Calculate the average happiness score for each `Regional indicator`.

In [None]:
regions = np.unique(data['Regional_indicator'])

print("Average Fairness Score by Region:")
region_scores = []
for region in regions:
    # Filter data for the current region
    region_mask = data['Regional_indicator'] == region
    region_data = data[region_mask]
    avg_score = np.mean(region_data['Ladder_score'])
    region_scores.append((region, avg_score))

# Sort regions by score
region_scores.sort(key=lambda x: x[1], reverse=True)

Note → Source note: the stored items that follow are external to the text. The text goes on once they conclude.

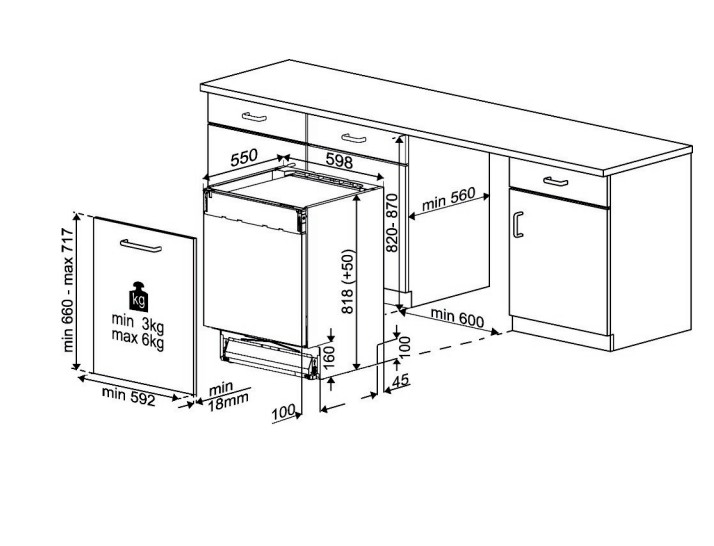 Afmetingen nis (H x B x D) : 820-870 x 598 x 555 mm
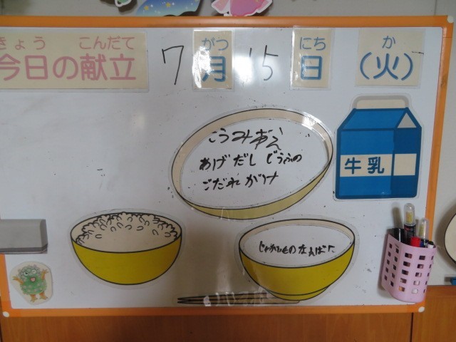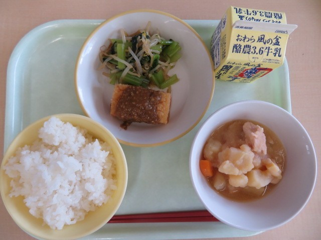 今日の献立は、ご飯、牛乳、揚げ出し豆腐のごまだれかけ、香味和え、じゃがいもの南蛮煮です。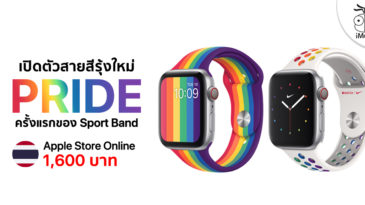 นอกจากจะปล่อยหน้าปัดสีรุ้งมาให้ใช้งานกันแล้ว เมื่อวานนี้ (18 พ.ค. 63) Apple ยังได้เปิดตัวสาย Sport Band รุ่น Pride Edition ใหม่อีกด้วย เป็นโทนสีพาสเทล เพื่อให้เข้ากับหน้าปัดใหม่นี้ และถือว่าเป็นครั้งแรกที่เปิดตัว Pride Edition แบบสาย Sport Band และ Sport Band Nike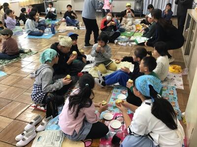 わくわく農園でみんなが育てたさつまいもを使用して、全員で一緒に蒸しパンを作ったので、味はさらに格別でした!さつまいもがとても甘くてさつまいもの素材を生かした蒸しパンになりました。とてもおいしかったです!!!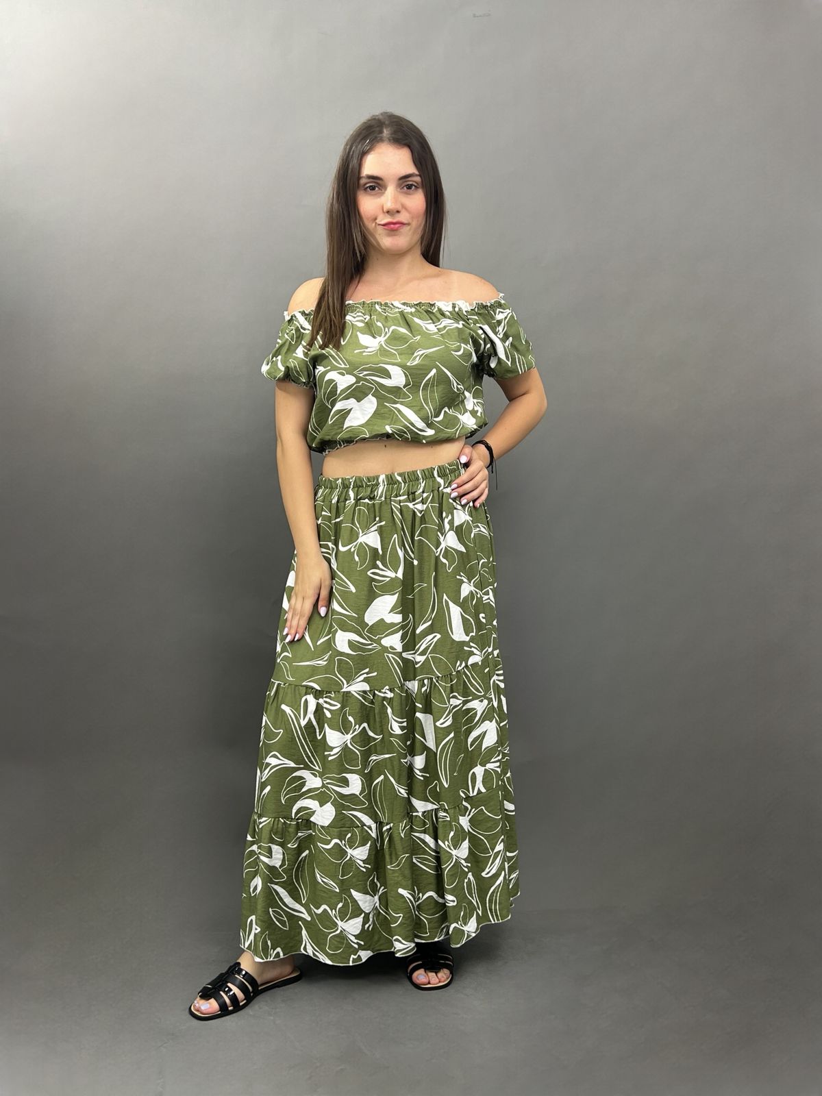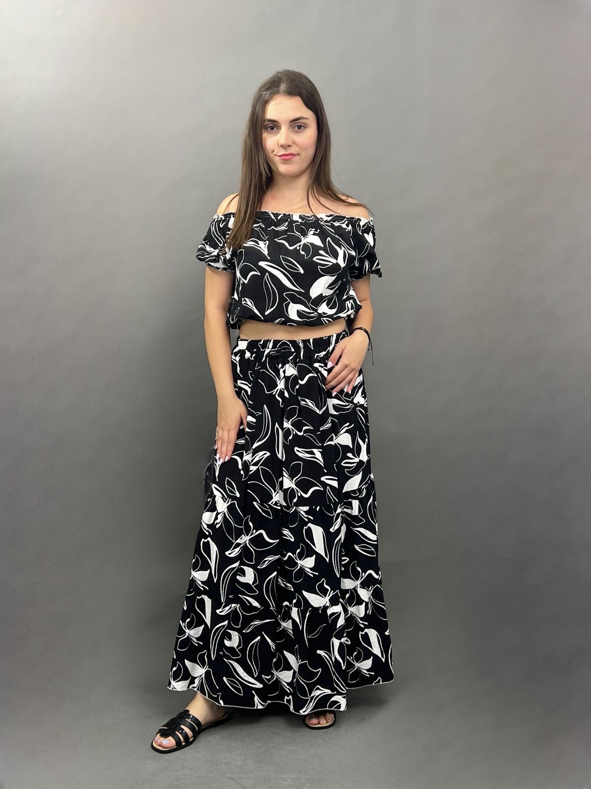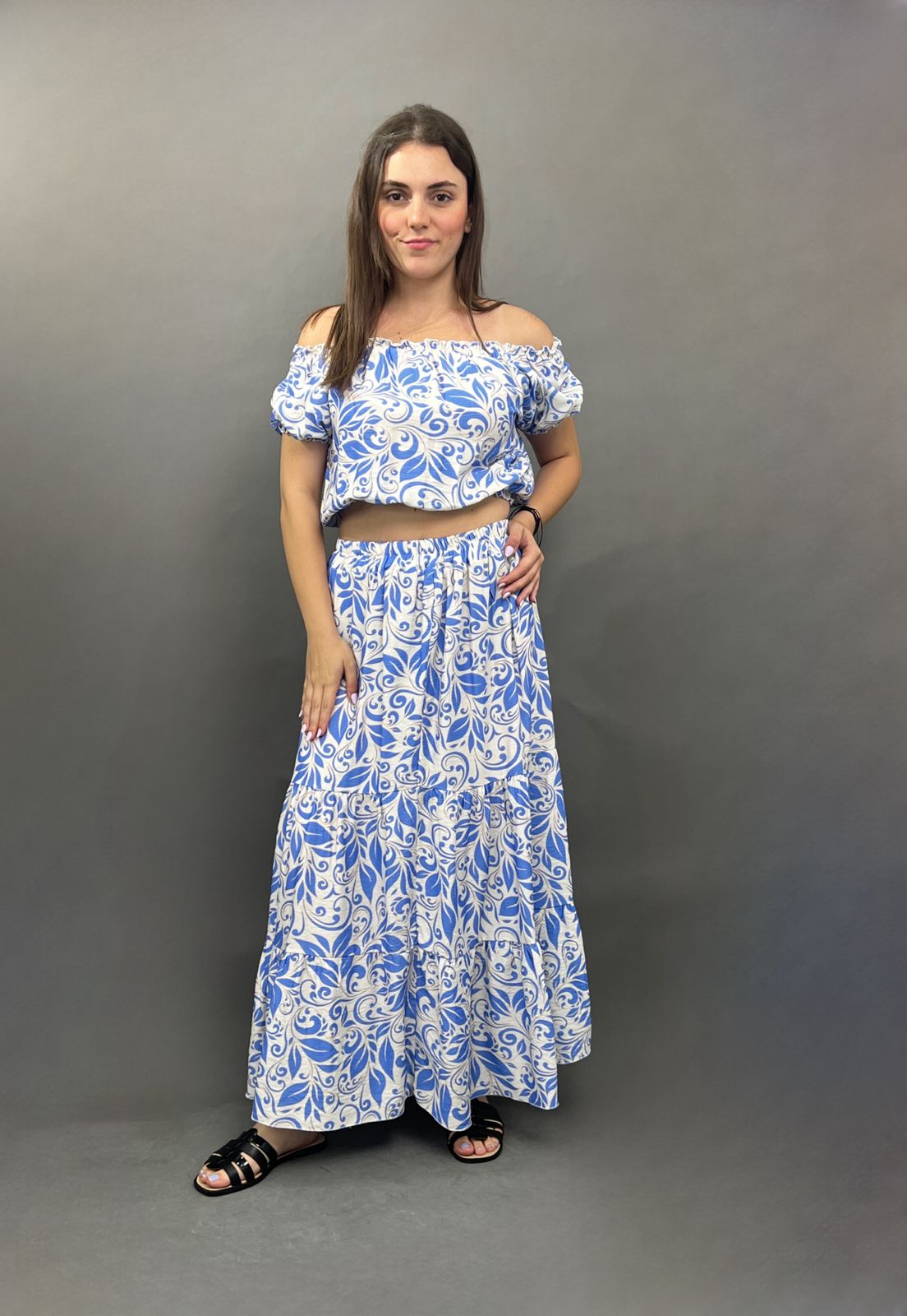 Printed Off-Shoulder Co-ord Set

for region, score in region_scores:
    print(f"{region}: {score:.3f}")

## 5. Correlations

Let's see which factors correlate most strongly with the Ladder score.
Factors to consider:
- Logged GDP per capita
- Social support
- Healthy life expectancy
- Freedom to make life choices
- Generosity
- Perceptions of corruption

In [None]:
factors = [
    'Logged_GDP_per_capita',
    'Social_support',
    'Healthy_life_expectancy',
    'Freedom_to_make_life_choices',
    'Generosity',
    'Perceptions_of_corruption'
]

print("Correlation with Ladder Score:")
for factor in factors:
    correlation = np.corrcoef(data['Ladder_score'], data[factor])[0, 1]
    print(f"{factor}: {correlation:.3f}")